We demonstrate that the synergy between VIO and UWB data allows us to overcome the challenges and limitations of each. This results in a distributed relative localization framework that allows multiple mobile users to create a collaborative AR session. First, LocAR adopts a distributed architecture in favor of scalability by providing each node with peer-to-peer distance measurements to other nodes. Next, to deal with the sparsity of UWB reading, range measurements are combined with local camera VIO traces. The absolute nature of UWB ranging allows us to correct VIO drift over time. Finally, LocAR leverages the presence of multiple users and their mobility to collaboratively estimate the relative position of all users, improving the overall localization accuracy while maintaining low computational overhead. An overview of LocAR framework is depicted in Figure 2. Upon startup of an AR app, the AR session tracks the pose of this device using VIO from the AR API and collects the UWB ranges from neighboring nodes, which are then passed to a particle filter state-estimation solver to extract the location and orientation of other nodes with respect to itself. The next section elaborates on LocAR’s collaborative pose estimation technique and the underlying challenges.

3.3. Overlaying Virtual Objects

To display a virtual object, three matrices are required:

•

$K$ : The 3x4 matrix encoding the intrinsic properties of the virtual camera such as resolution, focal length, and centerpoint, which which are assumed to be known
•

$D_{O}$ : The 4x4 matrix encoding the 6DOF pose of the display relative to some arbitrary origin
•

$V_{O}$ : The 4x1 vector encoding the 3DOF position of the target object relative to that same origin.

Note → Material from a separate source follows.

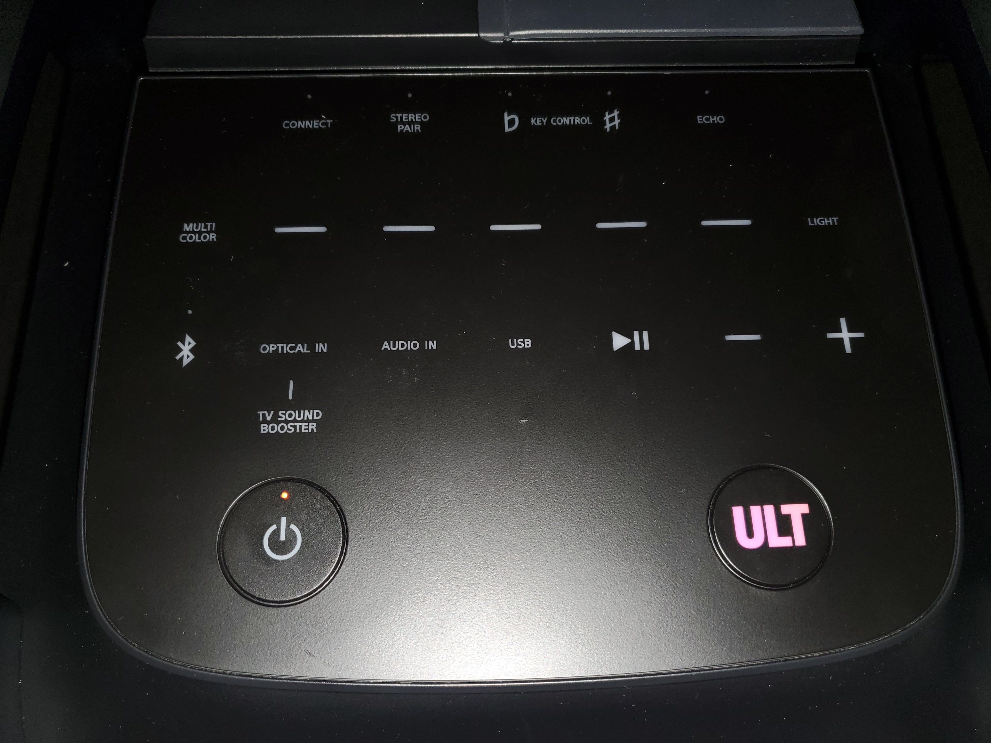 The controls are straightforward, labelled, and intuitive, which you can explore here. Many settings are instantly accessible without relying on the app, like playback, input selection, Stereo and Party modes for additional speakers, karaoke controls, and RGB lighting. A mixture of light indicators and chimes and a voice prompt alert you for functions like Bluetooth pairing, connection statuses for Bluetooth, as well as Party and Stereo modes. Each time the 'ULT' button is pressed, the speaker emits a chime, so you know it registered. Rather than chime with each command, the speaker uses lights to indicate the current input selection, volume changes, and min/max volume, and whether features like echo are on. If left idle for 15 minutes, it'll silently power off without any audible warning, and some of the dedicated light indicators are a bit small, which might be hard to see in some settings.

From these, we can calculate the pixel coordinates of the virtual object on the display $[u,v]^{T}$ as:

(1)

[u^{\prime},v^{\prime},w^{\prime}]^{T}=K*D_{O}^{-1}*V_{O}

(2)

[u,v]^{T}=[u^{\prime},v^{\prime}]^{T}/w^{\prime}

We can simply combine the latter two matrices as:

(3)

V_{D}=D_{O}^{-1}*V_{O},

where $V_{D}$ is now the 4x1 vector representing the position of the target object relative to the display. There is no longer a requirement for a fixed origin. The coordinate system is typically chosen with +x pointing towards the right edge of the display, +y pointing towards the top edge of the display, and +z pointing out of the display towards the viewers eyes.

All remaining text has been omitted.